Task goal: Starting at the line that contains "대기자 등록이 없습니다.", transcribe each line through the end of the material below, exactly and nothing else, leaving out the pictures.

Supplied material:
*** Begin section ***

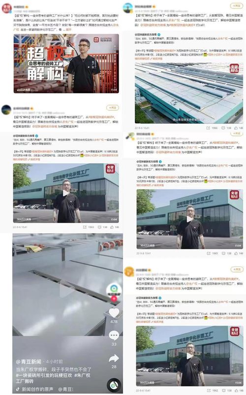随着“中国制造2025”的推进,我国在科技和创新领域的实力让中国制造业迎来了新的发展,为了探究冠珠瓷砖成为建陶行业新标杆的秘密,央视总台著名主持人朱广权与央视财经,带着好奇与期待走进冠珠数字化示范工厂。纪录片《超“权”解构——一座会思考的瓷砖工厂长什么样》正式上线。朱广权带领大家进入一个和印象中完全不一样的智能化工厂,沉浸领略创造美好生活的中国“智”造力量。纪录片一经上线,便在社交媒体平台上引发强势关注与讨论,“数智冠珠潮向美好”、“一块瓷砖引发的玩梗狂欢”等话题阅读量突破1500万,冠珠瓷砖与央视财经等多个账号的记录片播放量突破百万,引发数十余各界头部博主、权重账号的转发互动,激起了各界对于进冠珠数字化示范工厂的现象级讨论,热度高涨。
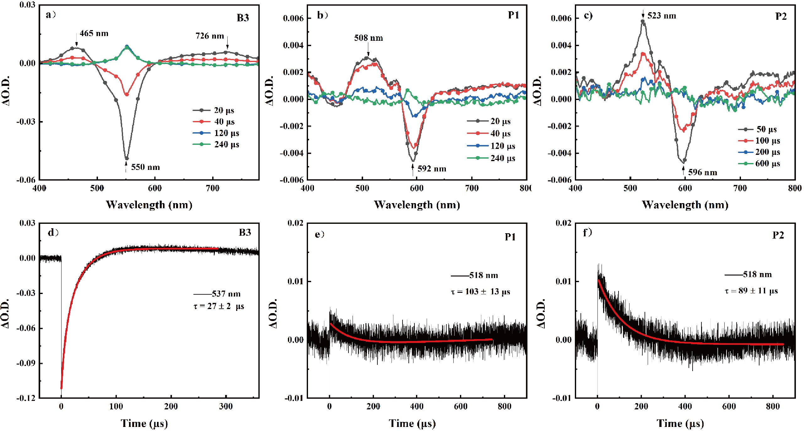 By performing kinetic fitting at 518 nm for P1 and P2, the triplet excited state lifetimes of P1 and P2 are determined to be 103±13 and 89±11 μs, respectively, as shown in FIG. 4(e, f). From FIG. 4(e, f), it can also be seen that the maximum triplet state signal for P2 is around 0.01, while for P1 it is less than 0.005, indicating that P2 has a higher triplet state efficiency. This is consistent with the results of the fluorescence analysis.
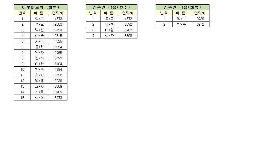 ● 아쿠아로빅(월수)반은 강사 채용이 이루어지지 않아 1월 강습 대기자 등록이 없습니다.
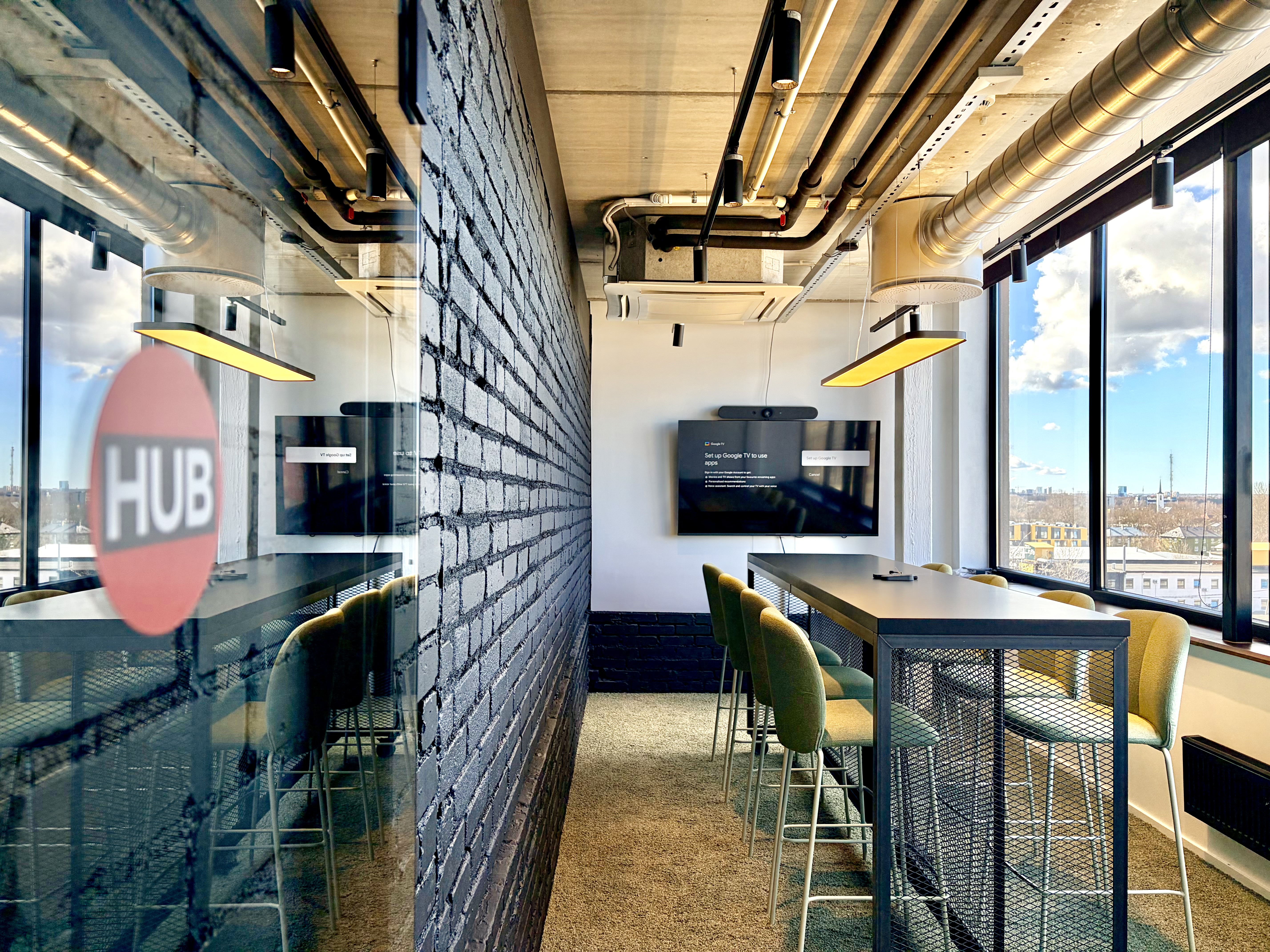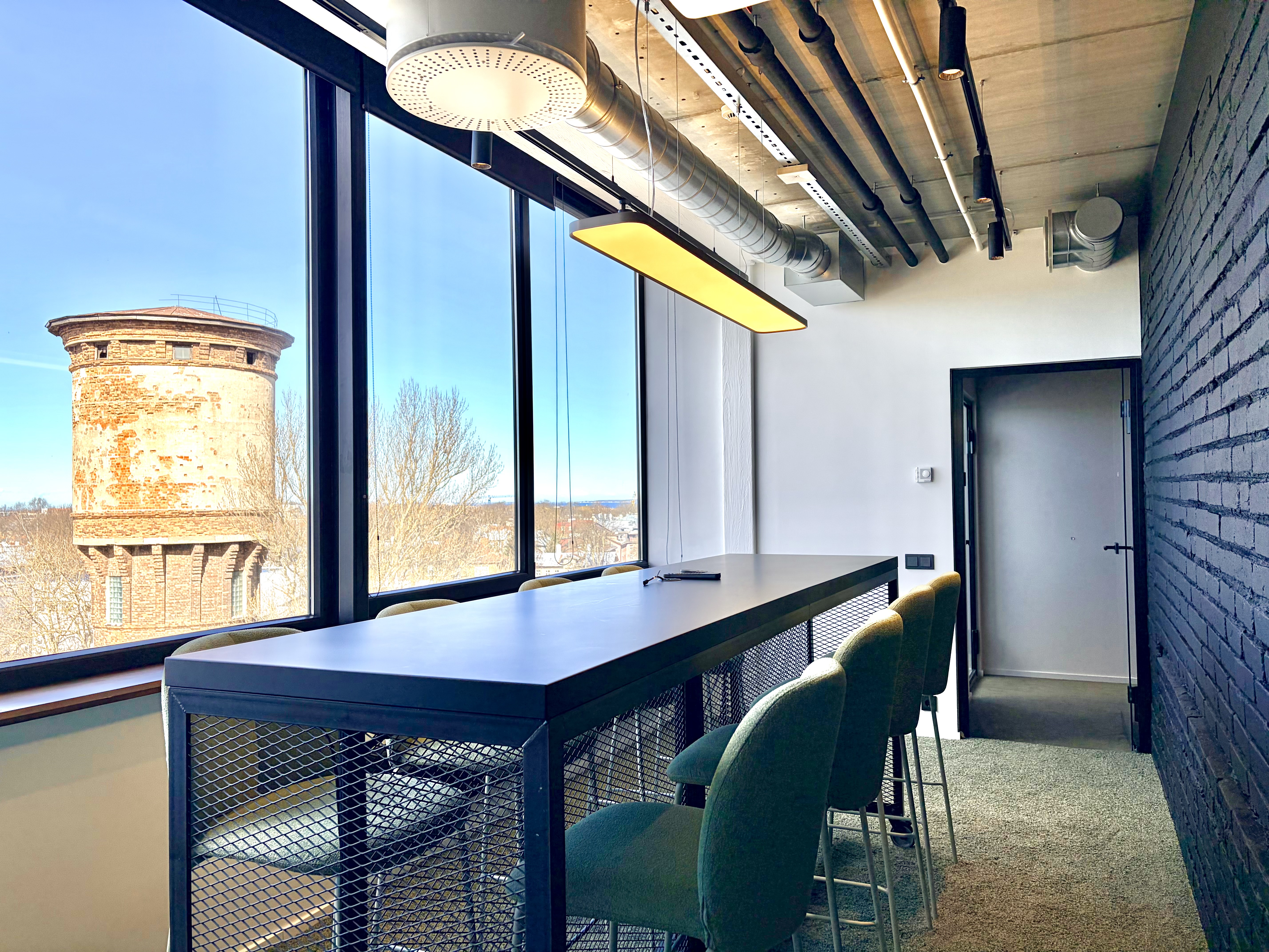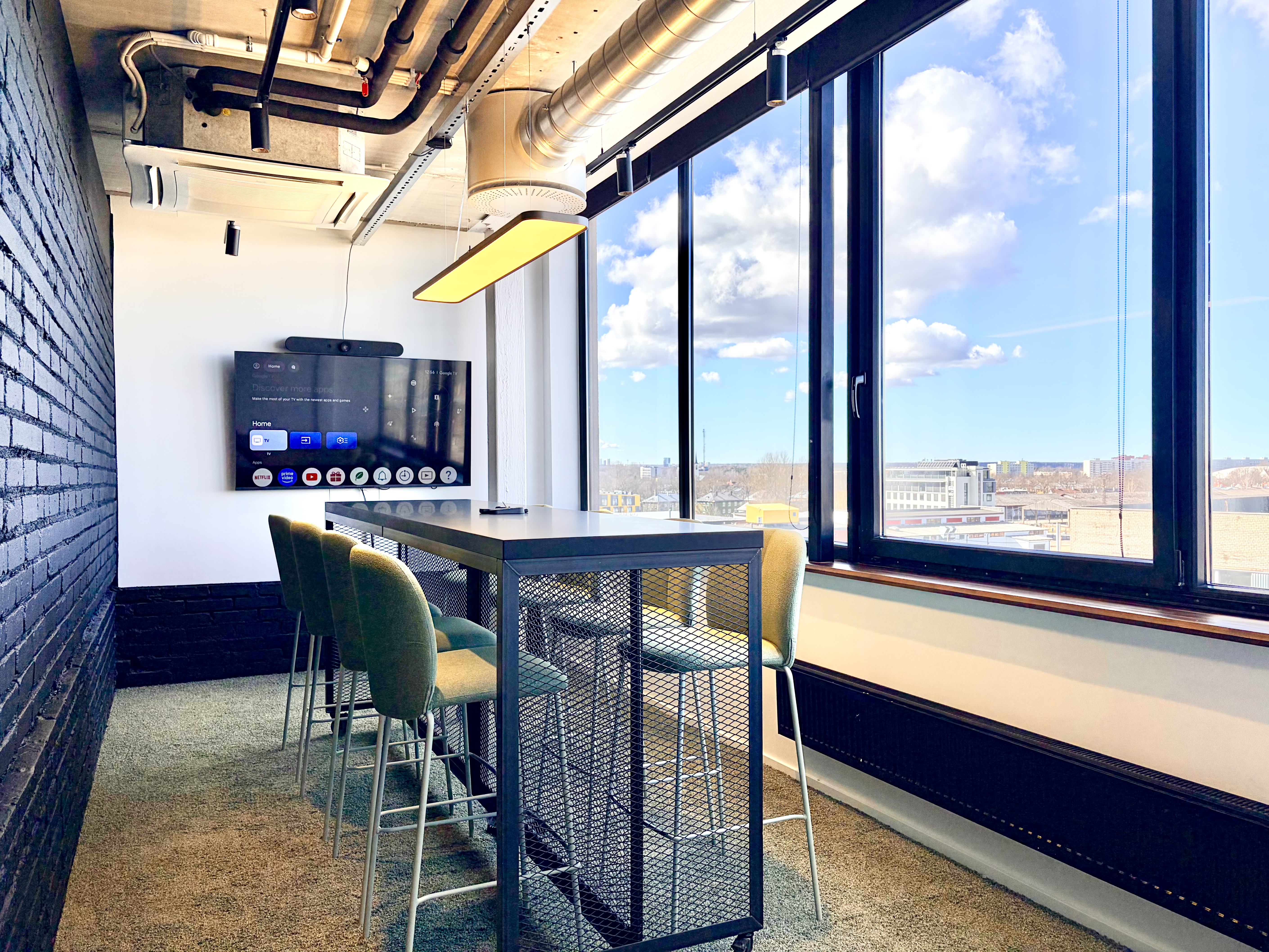 Kõrgem laud ja pukktoolid hoiavad meeled erksad — suurepärane nipp, sest istuva publiku mõttetempo kipub kahanema korrelatsioonis entusiasmi tasemega. Ruumis on olemas ekraan ja videokoosolekute tehnika.

*** End section ***

Task result:
 ● 아쿠아로빅(월수)반은 강사 채용이 이루어지지 않아 1월 강습 대기자 등록이 없습니다.
 Kõrgem laud ja pukktoolid hoiavad meeled erksad — suurepärane nipp, sest istuva publiku mõttetempo kipub kahanema korrelatsioonis entusiasmi tasemega. Ruumis on olemas ekraan ja videokoosolekute tehnika.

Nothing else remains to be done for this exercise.